### What the task asks
Output only the lines below from the one holding "In terms of" down to the one holding "花和尚 未完纹身图片_背部新传统老传统纹身图案", both end lines included and every picture dropped.

### Provided data

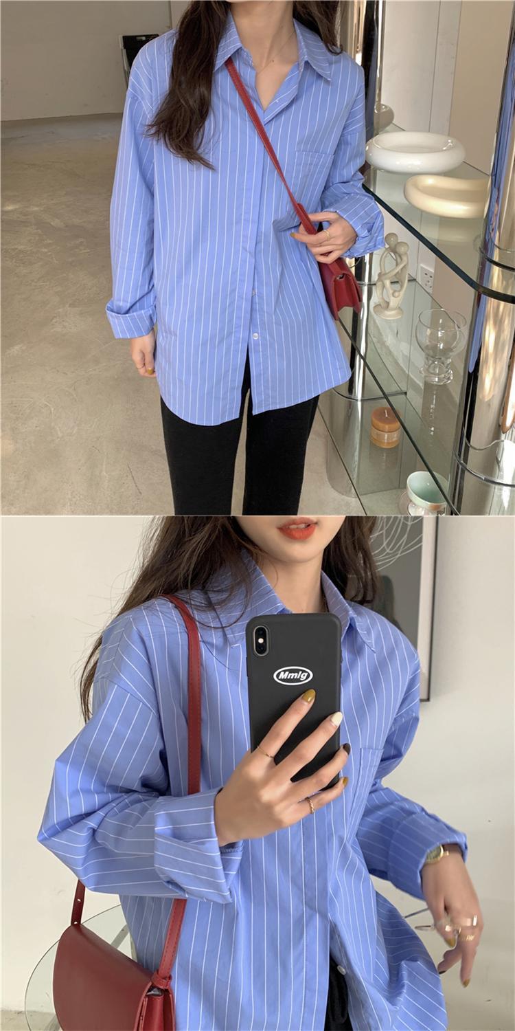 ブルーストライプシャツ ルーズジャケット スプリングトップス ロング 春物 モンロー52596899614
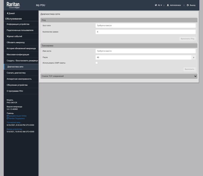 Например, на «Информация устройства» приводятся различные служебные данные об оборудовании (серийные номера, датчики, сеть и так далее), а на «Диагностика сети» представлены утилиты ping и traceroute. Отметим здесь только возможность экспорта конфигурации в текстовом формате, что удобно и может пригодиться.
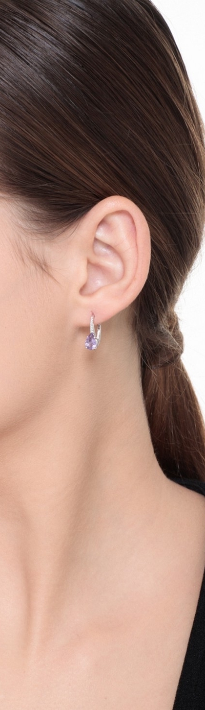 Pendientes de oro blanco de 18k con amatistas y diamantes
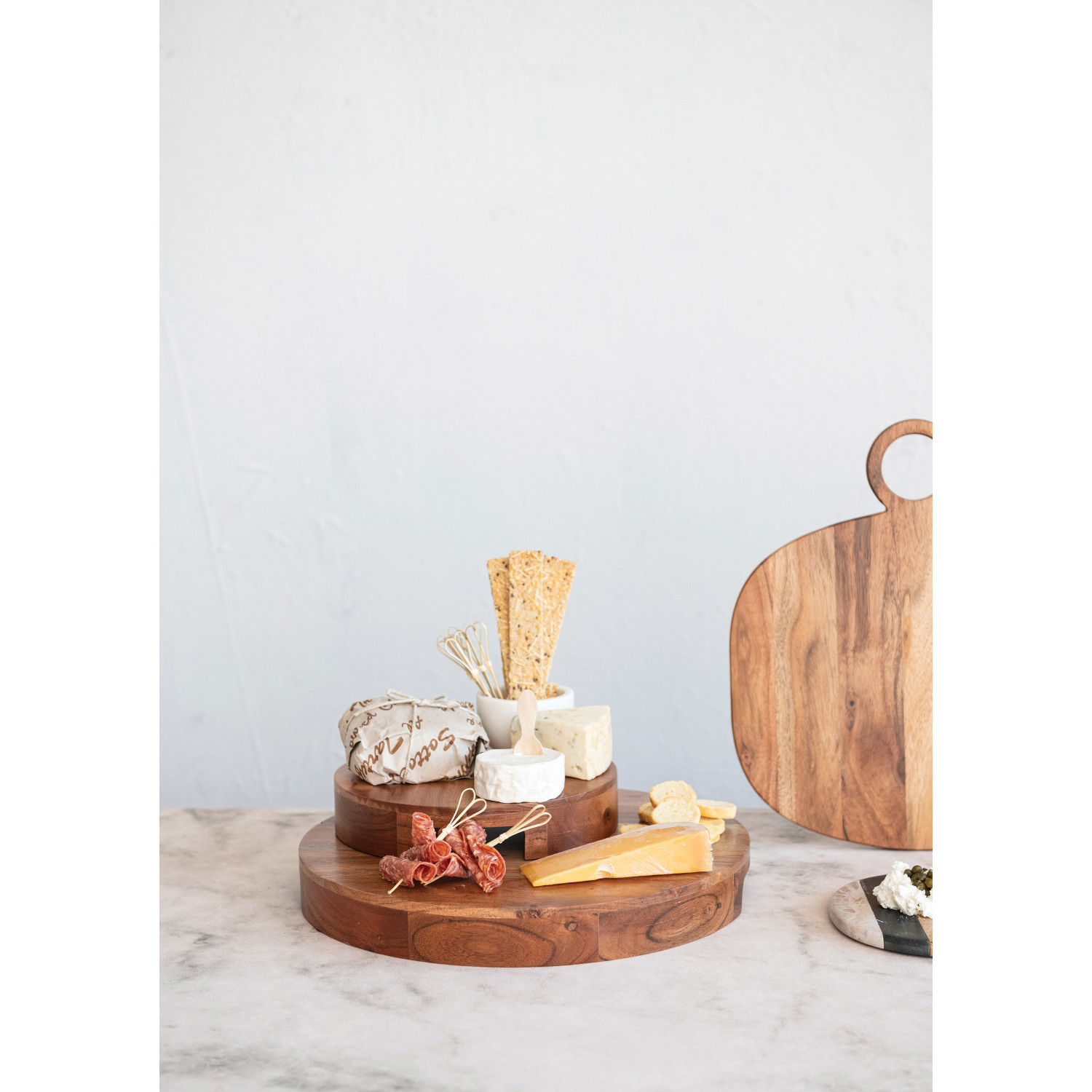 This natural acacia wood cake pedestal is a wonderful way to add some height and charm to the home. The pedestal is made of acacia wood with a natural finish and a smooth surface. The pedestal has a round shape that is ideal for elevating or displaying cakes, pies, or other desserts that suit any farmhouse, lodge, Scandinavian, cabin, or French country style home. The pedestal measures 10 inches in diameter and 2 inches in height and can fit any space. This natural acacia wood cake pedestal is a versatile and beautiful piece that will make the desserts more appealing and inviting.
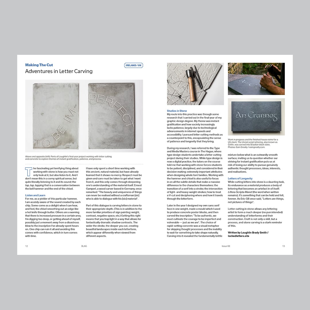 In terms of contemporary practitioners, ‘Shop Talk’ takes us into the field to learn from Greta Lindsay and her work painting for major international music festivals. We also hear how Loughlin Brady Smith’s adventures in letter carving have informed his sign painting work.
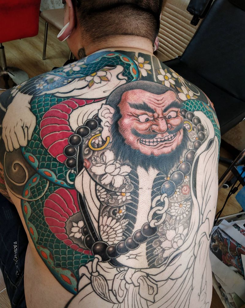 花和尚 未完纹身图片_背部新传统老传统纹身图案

---

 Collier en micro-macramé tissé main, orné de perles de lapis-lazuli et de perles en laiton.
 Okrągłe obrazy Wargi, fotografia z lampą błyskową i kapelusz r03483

--

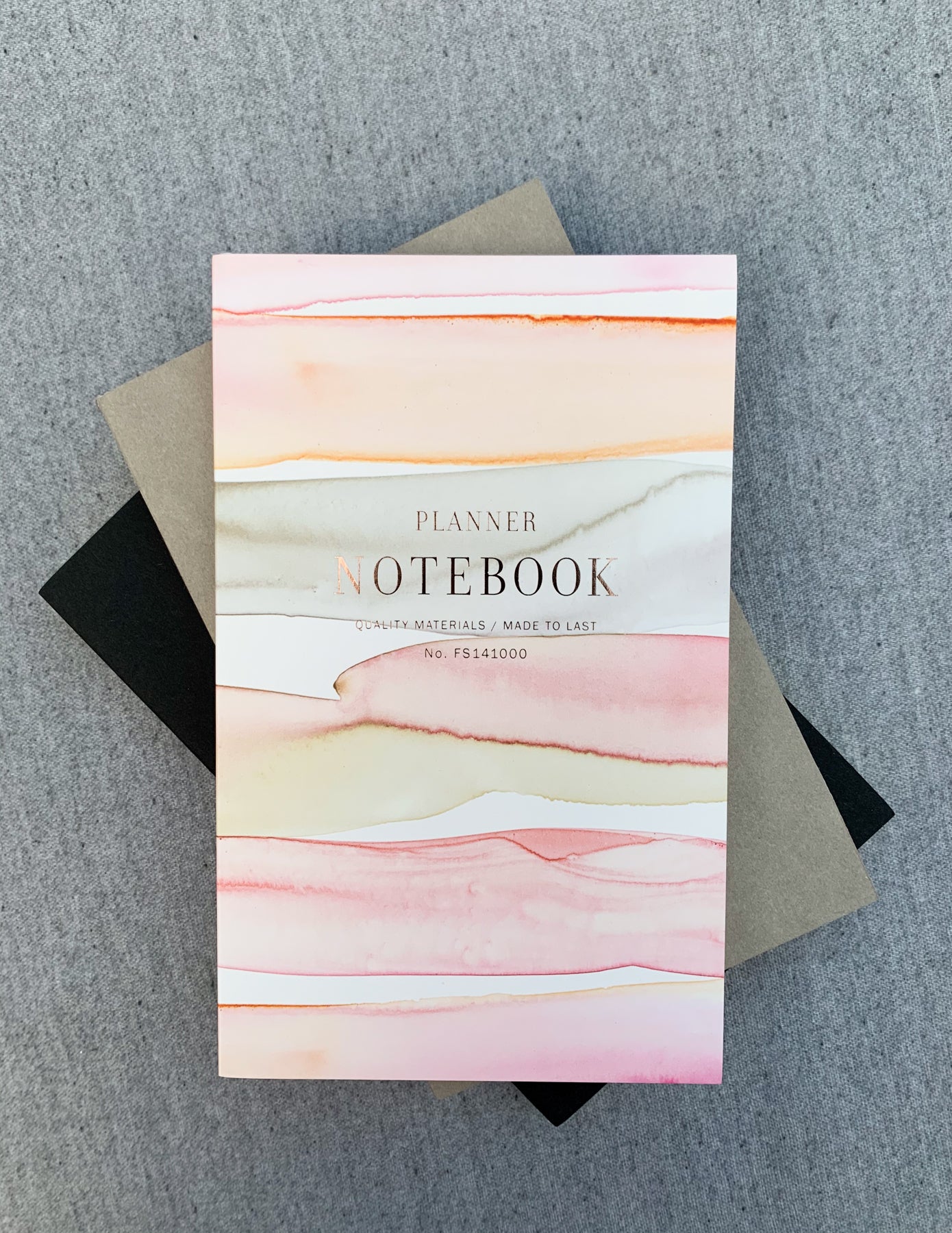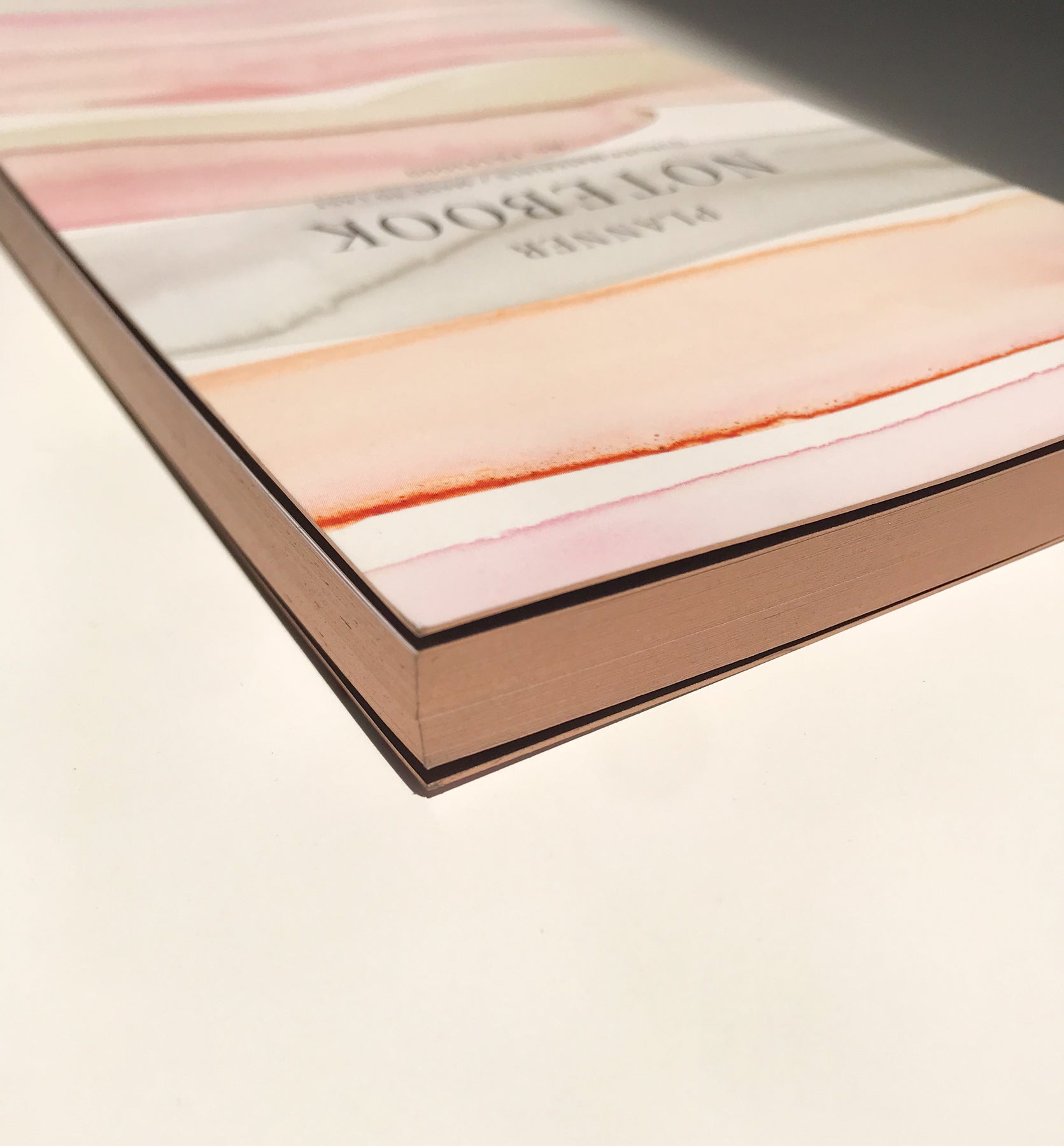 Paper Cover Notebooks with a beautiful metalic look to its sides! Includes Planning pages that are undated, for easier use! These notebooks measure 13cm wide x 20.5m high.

### Answer area
 In terms of contemporary practitioners, ‘Shop Talk’ takes us into the field to learn from Greta Lindsay and her work painting for major international music festivals. We also hear how Loughlin Brady Smith’s adventures in letter carving have informed his sign painting work.
 花和尚 未完纹身图片_背部新传统老传统纹身图案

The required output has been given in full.